Regime supporters protest that interpretation, arguing that Jordan is taking gradual but concrete steps towards reform. They point out that King Abdullah has insisted on fresh elections before the end of the year and promised to pick a government that will either reflect the composition of the chamber or has its backing. What is more, they take great pride in the fact that Jordan - unlike other Arab countries - has managed to navigate the recent political convulsions without violence and strife.
"We must have done something right - in the past 16 months there has been no shooting and no bloodshed," says Nasser Judeh, the foreign minister.

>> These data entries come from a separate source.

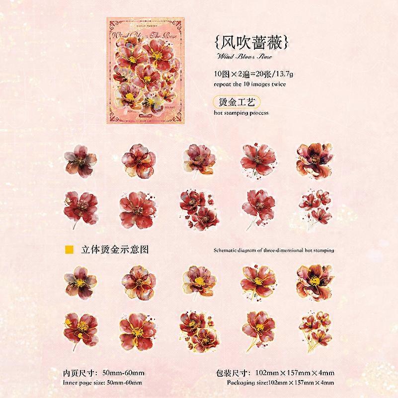 20 Pcs Vintage Plant Flower PET Sticker Pack Decoration Material Handbook Creative DIY Scrapbooking Supplies Stickers Stationery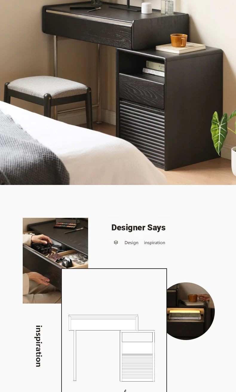 源氏木语 高級オーク材使用☆省スペース可変式 明るいLED照明付き シンプルなデザイン おしゃれな収納キャビネット付き ブラック化粧台 寝室にぴったりな美しさを演出!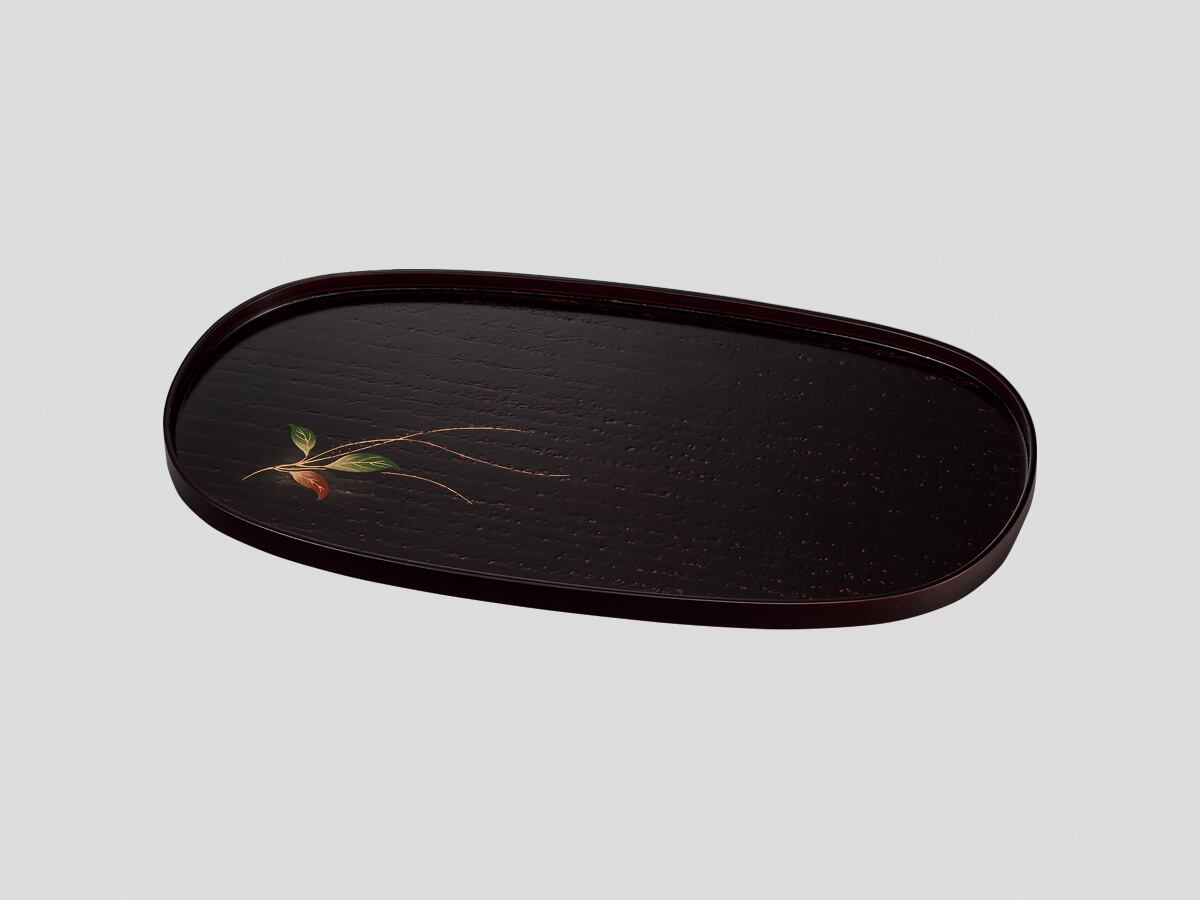F47-8 11.0もてなし盆 桐 水引草 溜塗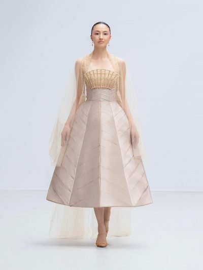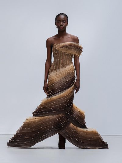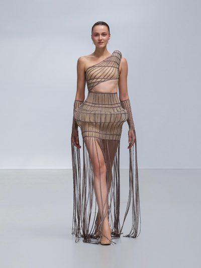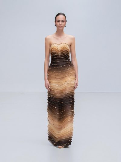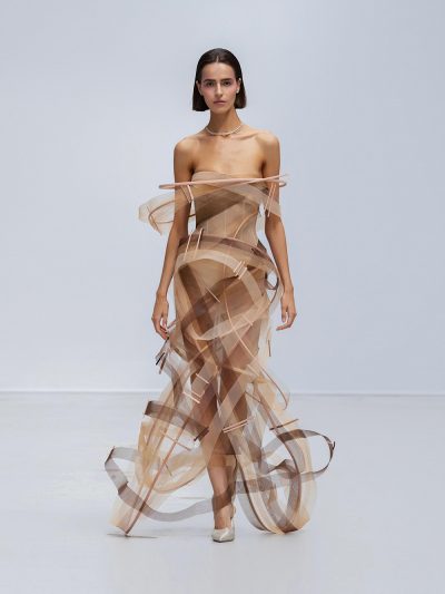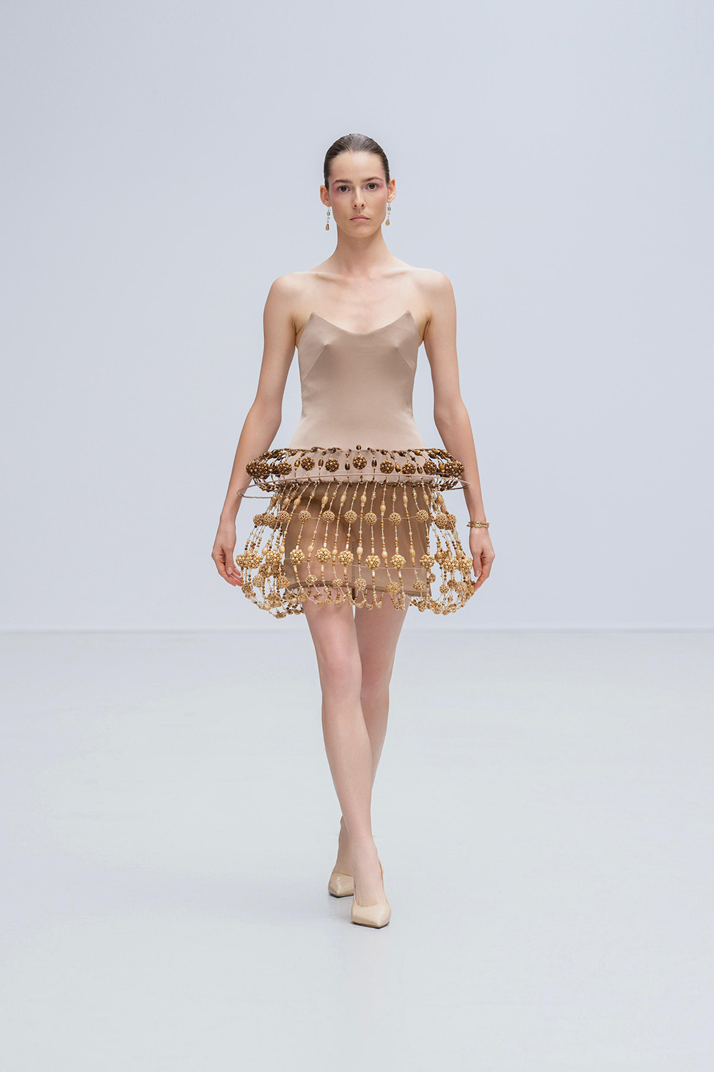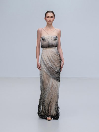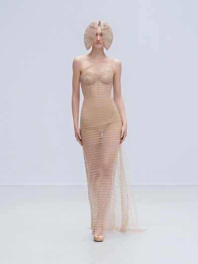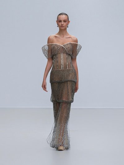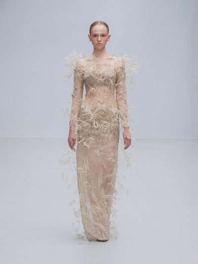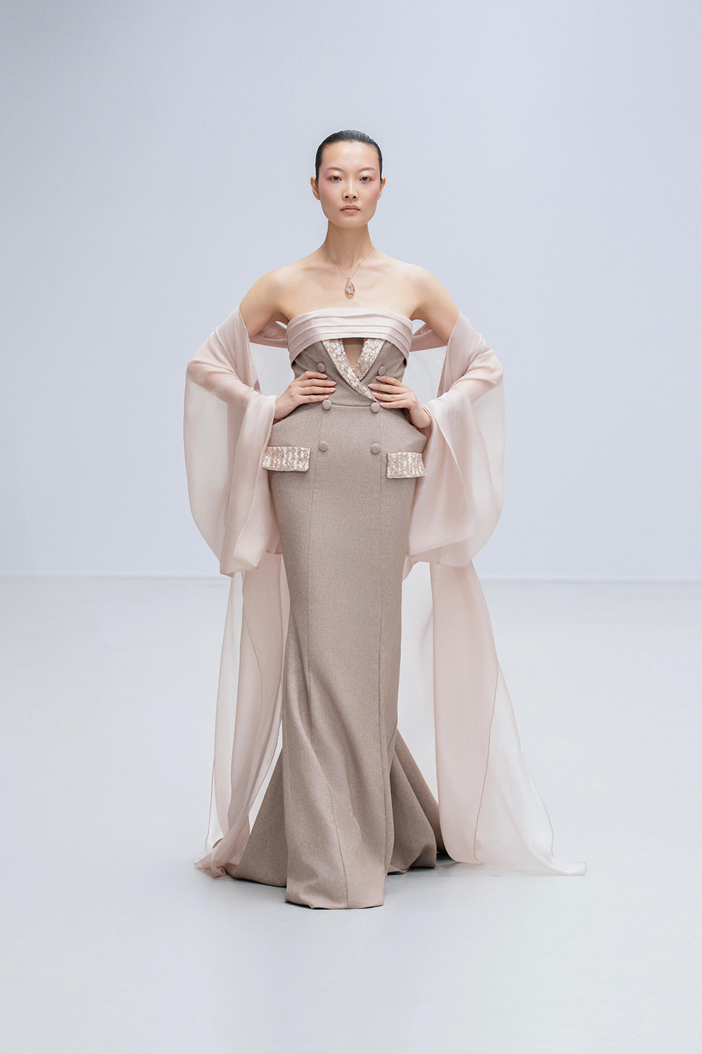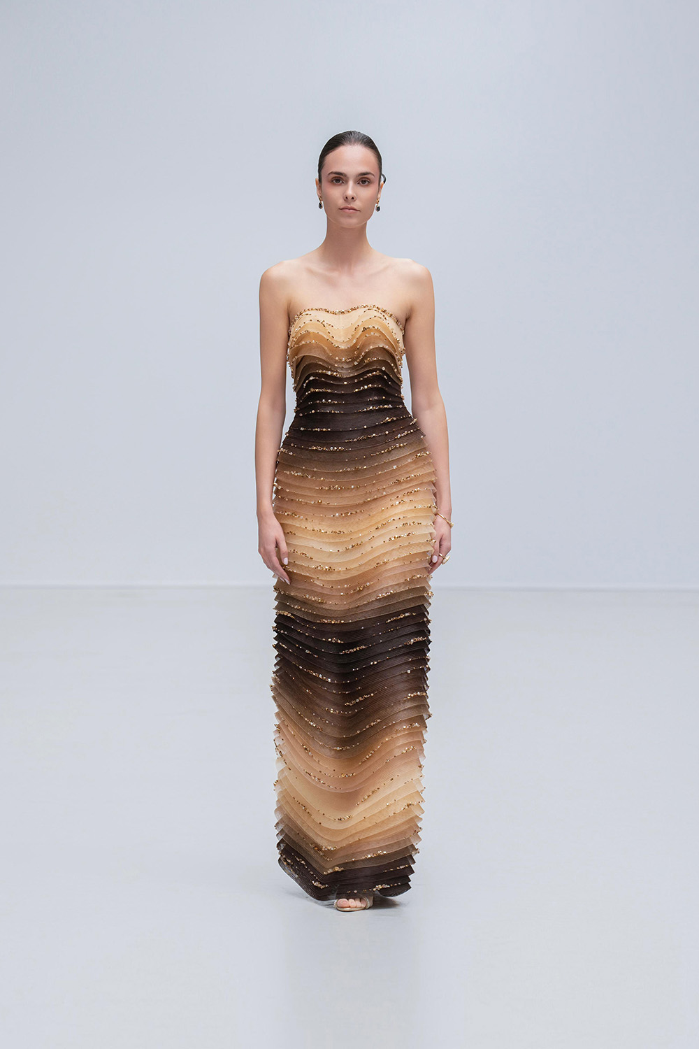 Bộ sưu tập Haute Couture Thu Đông 2025 tiếp tục khai thác kỹ thuật làm nên tên tuổi của Phan Huy – lưới đàn hồi xử lý chuyển màu, tạo hiệu ứng ánh sáng tinh tế và chuyển động mềm mại theo từng bước đi.
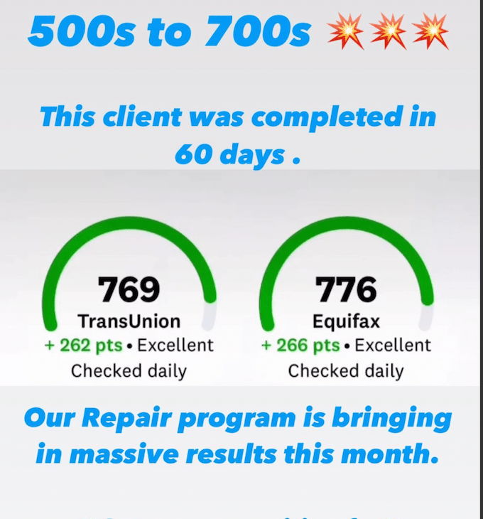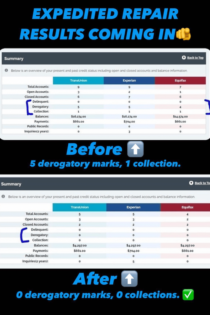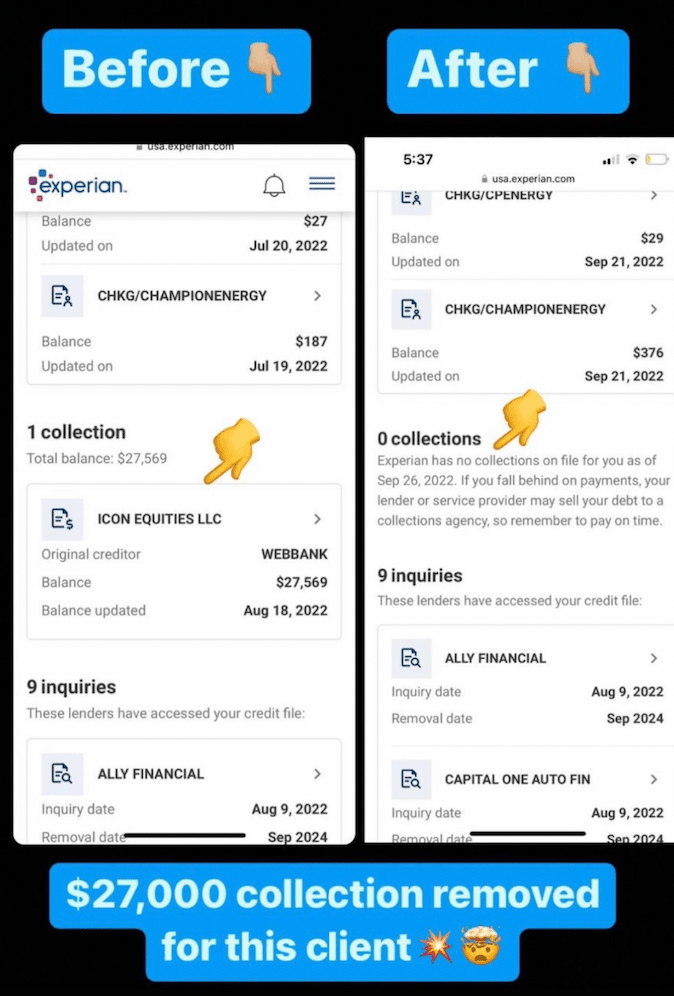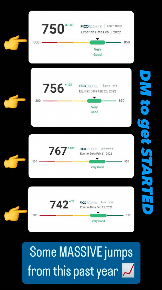 Take a look at some of our results below and fill out our credit repair form. A representative will be with you right away!

The disappointment inside the reformist camp, however, is palpable, and has been fuelled by the latest change at the helm of government: Fayez Tarawneh, the prime minister, is a veteran palace official who inspires little confidence among opposition leaders. The new cabinet, too, has disappointed many: it includes only one woman and is otherwise dominated by elderly regime loyalists.
A second setback - at least in the eyes of the opposition - was the publication in April of a draft electoral law. The proposal does little to tackle the traditional over-representation of East Bank Jordanians, who regard themselves as the original inhabitants of the country and form the backbone of Jordan's government and security apparatus.
In contrast, Jordanians of Palestinian origin, who make up half the population, control less than one in six seats in parliament. That would change only marginally under the new regime, which again favours rural districts over urban areas (where most Palestinian Jordanians live).
The cautious approach reflects not least the regime's concern that the political arm of the Muslim Brotherhood, the biggest opposition party by far, will gain too much power. IAF leaders have yet to make a formal decision, but many observers believe the party is now likely to boycott the election altogether - a move that would deal a devastating blow to Jordan's reformist credentials.
Malek Twal, the secretary-general of Jordan's ministry for political development, says the draft law reflects the government's desire for "concrete but gradual improvement to the electoral system". He points to the country's societal divisions as a reason to move slowly: "Whenever a country kicks off a democratisation process, it is important to reassure those are benefiting from the status quo that they won't lose everything."
Meanwhile, one area in which change has undeniably taken place is the public discourse. Analysts point out that neither King Abdullah nor his family are today immune to criticism (even if overt attacks can still land activists in jail). Bloggers and journalists, meanwhile, now feel free to use terms such as "constitutional monarchy" that no one dared to use in public only a few years ago.
"People have the courage now to speak up," says Oraib al-Rantawi, the director of the al-Quds Center for Political Studies in Amman. "They have left behind the culture of fear."